Npm is all source based. Nobody is compiling binaries of JavaScript libraries. Cargo is the same.
I’m not really sure what you think a maintainer adds here. They don’t audit the code. A well written npm or cargo or pip module works automatically on all operating systems. Why would we need or want human intervention? To what? Manually add each package to N other operating systems? Sounds like a huge waste of time. Especially given the selection of packages (and versions of those packages) in every operating system will end up totally different. It’s a massive headache if you want your software to work on multiple Linux distros. And everyone wants that.
Npm also isn’t perfect. But npm also has 20x as many packages as apt does on Ubuntu (3.1M vs 150k). I wouldn’t be surprised if there is more malicious code on npm. Until we get better security tools, its buyer beware.
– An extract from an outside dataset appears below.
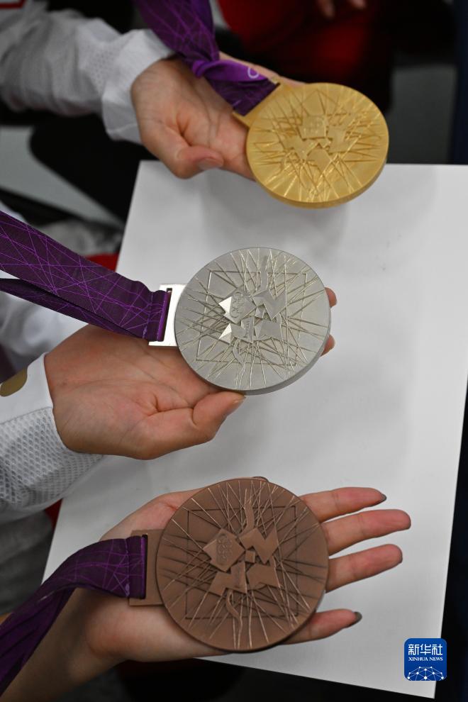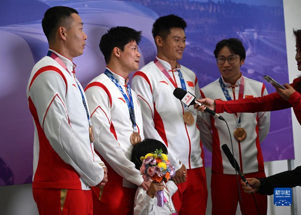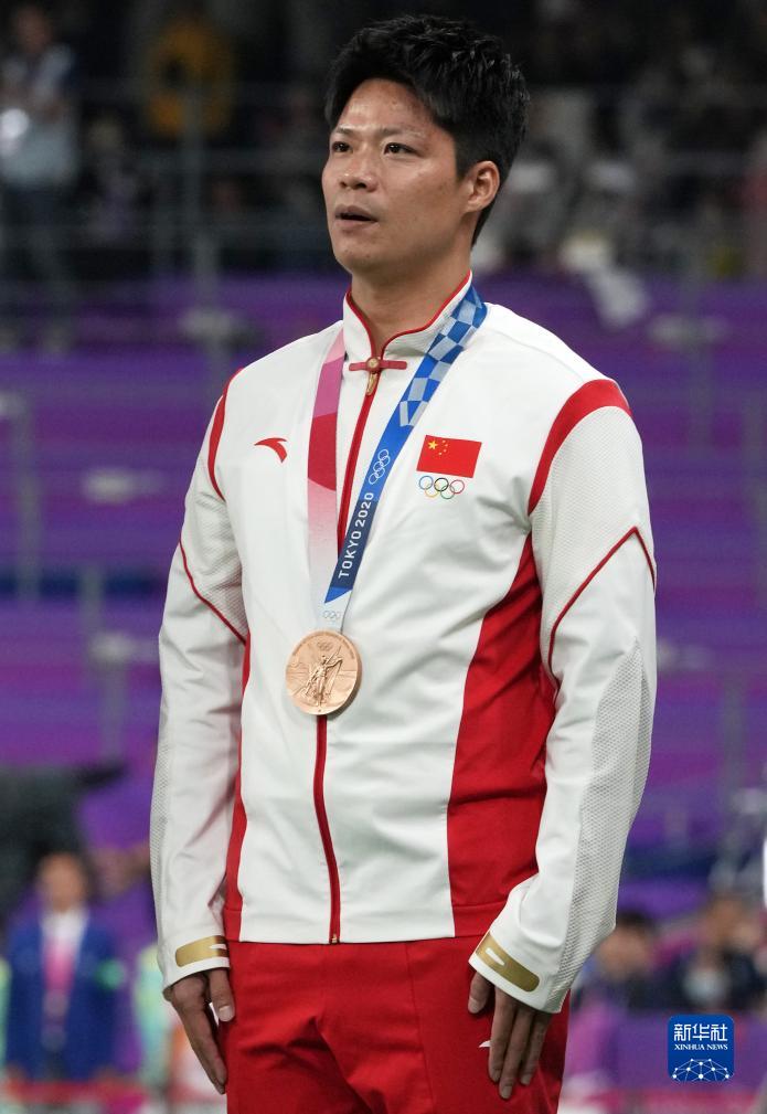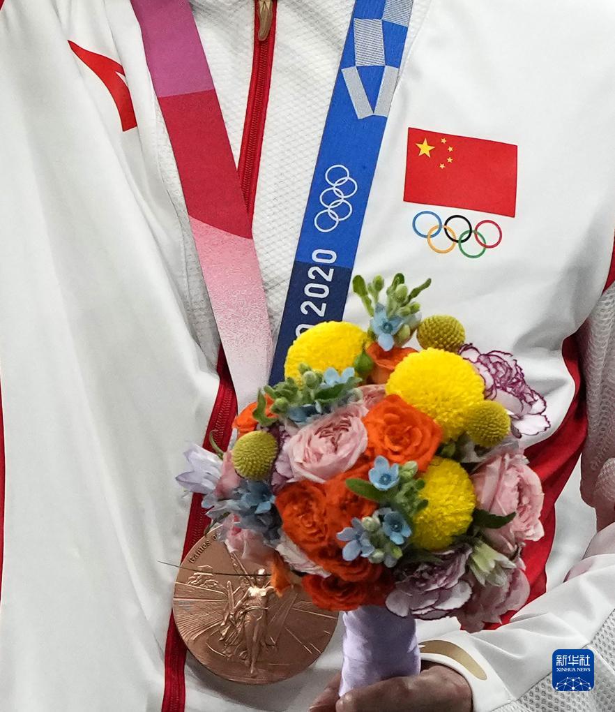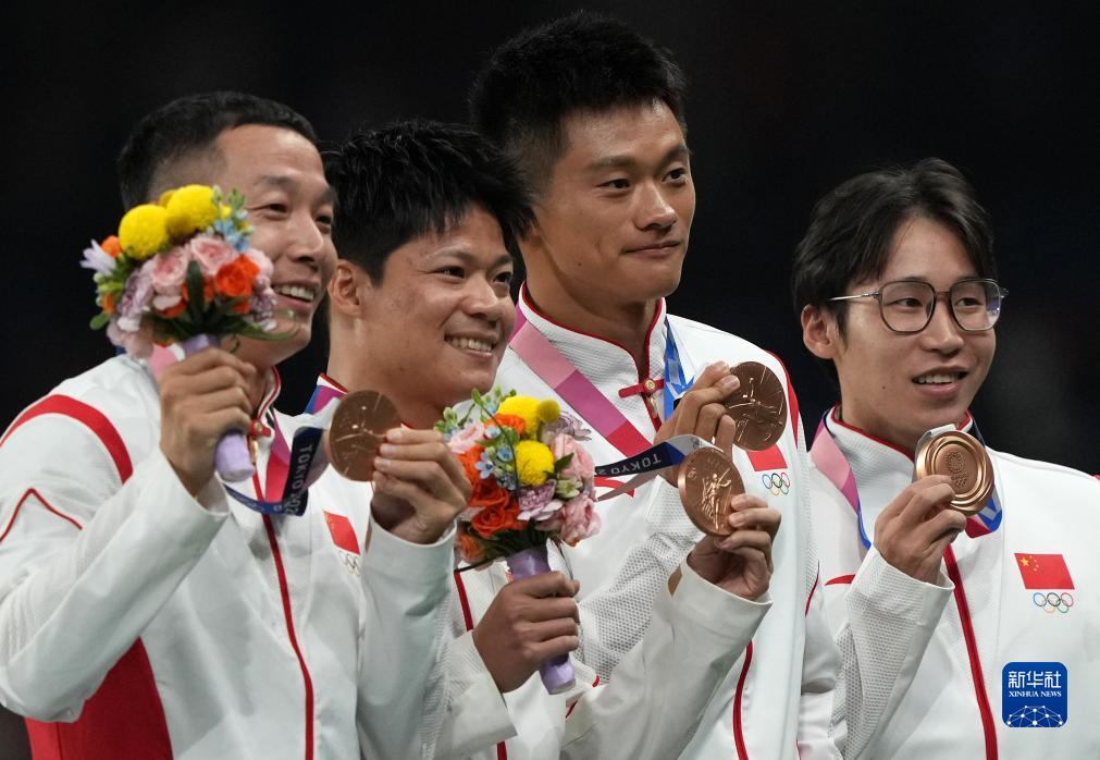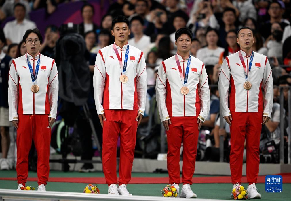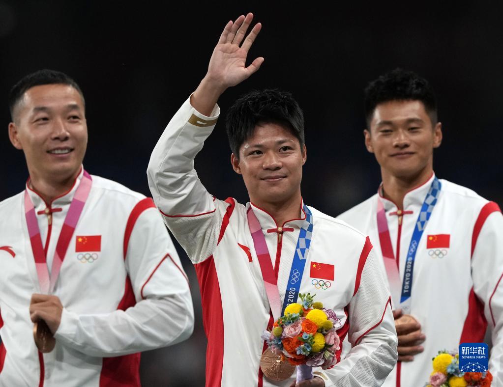 這是湯星強、謝震業(yè)、蘇炳添、吳智強遞補獲得的東京奧運會男子4X100米接力銅牌(10月4日攝)。

But do they audit the code? I say mostly no. They grab the source, try to compile it. Develop patches to fix problems on the specific platform. Once it works, passes the tests, it's done. Package created, added to the repo.
Even OpenBSD, famous for auditing their code, doesn't audit packages. Only the base system.
1 reply →
> I assume by "underlying version control system" you mean apt, rpm, homebrew and friends
No. Git.
...unless your system package manager is nix.
What is so special about nix that it avoids all these issues?
4 replies →
I think you missed the mark a bit here. This wasn’t a dependency that was compromised, it was a dep that was malicious from the start. Package manager doesn’t really play into this. Even if this package was vendored the outcome would have been the same.
No, package manager actually DOES play into this. Or, rather, the way best practices it enforces do. I would be seriously surprised if debian shipped malware, because the package manager is configured with debian repos by default and you know you can trust these to have a very strict oversight.
If apt's DNA was to download package binaries straight from Github, then I would blame it on the package manager for making it so inherently easy to download malware, wouldn't I?
> I think you missed the mark a bit here. This wasn’t a dependency that was compromised, it was a dep that was malicious from the start.
You're making assumptions that I am making assumptions, but I wasn't making assumptions. I understand the attack.
> Package manager doesn’t really play into this.
It does, for the reasons I described.